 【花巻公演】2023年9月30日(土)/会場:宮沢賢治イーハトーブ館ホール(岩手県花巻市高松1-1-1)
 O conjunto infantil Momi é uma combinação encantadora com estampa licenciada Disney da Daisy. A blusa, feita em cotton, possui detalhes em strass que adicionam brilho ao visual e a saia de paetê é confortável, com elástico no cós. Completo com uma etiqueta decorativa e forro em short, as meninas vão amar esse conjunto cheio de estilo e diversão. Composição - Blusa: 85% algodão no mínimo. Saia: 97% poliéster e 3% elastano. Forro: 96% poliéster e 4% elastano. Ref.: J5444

----

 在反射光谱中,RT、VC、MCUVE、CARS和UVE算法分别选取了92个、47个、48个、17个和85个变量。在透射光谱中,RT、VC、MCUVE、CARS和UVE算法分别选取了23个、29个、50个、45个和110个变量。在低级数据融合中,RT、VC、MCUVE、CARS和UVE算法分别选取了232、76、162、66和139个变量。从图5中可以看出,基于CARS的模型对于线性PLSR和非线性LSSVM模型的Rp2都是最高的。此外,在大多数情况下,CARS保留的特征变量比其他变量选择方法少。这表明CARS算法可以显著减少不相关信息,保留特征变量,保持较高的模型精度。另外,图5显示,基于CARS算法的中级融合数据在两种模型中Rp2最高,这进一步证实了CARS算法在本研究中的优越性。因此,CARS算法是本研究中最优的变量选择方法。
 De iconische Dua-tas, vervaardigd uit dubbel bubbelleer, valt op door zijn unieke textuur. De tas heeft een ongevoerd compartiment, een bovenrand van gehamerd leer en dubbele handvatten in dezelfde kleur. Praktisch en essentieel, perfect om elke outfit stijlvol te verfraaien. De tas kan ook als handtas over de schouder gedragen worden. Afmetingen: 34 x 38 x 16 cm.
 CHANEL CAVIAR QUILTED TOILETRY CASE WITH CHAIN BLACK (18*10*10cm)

----

__About this task__: In the listing above, find the line with "De iconische Dua-tas, vervaardigd" and the line with "CHANEL CAVIAR QUILTED". Output those two lines and every line between them, exactly as written.

__Reply to the task__:
 De iconische Dua-tas, vervaardigd uit dubbel bubbelleer, valt op door zijn unieke textuur. De tas heeft een ongevoerd compartiment, een bovenrand van gehamerd leer en dubbele handvatten in dezelfde kleur. Praktisch en essentieel, perfect om elke outfit stijlvol te verfraaien. De tas kan ook als handtas over de schouder gedragen worden. Afmetingen: 34 x 38 x 16 cm.
 CHANEL CAVIAR QUILTED TOILETRY CASE WITH CHAIN BLACK (18*10*10cm)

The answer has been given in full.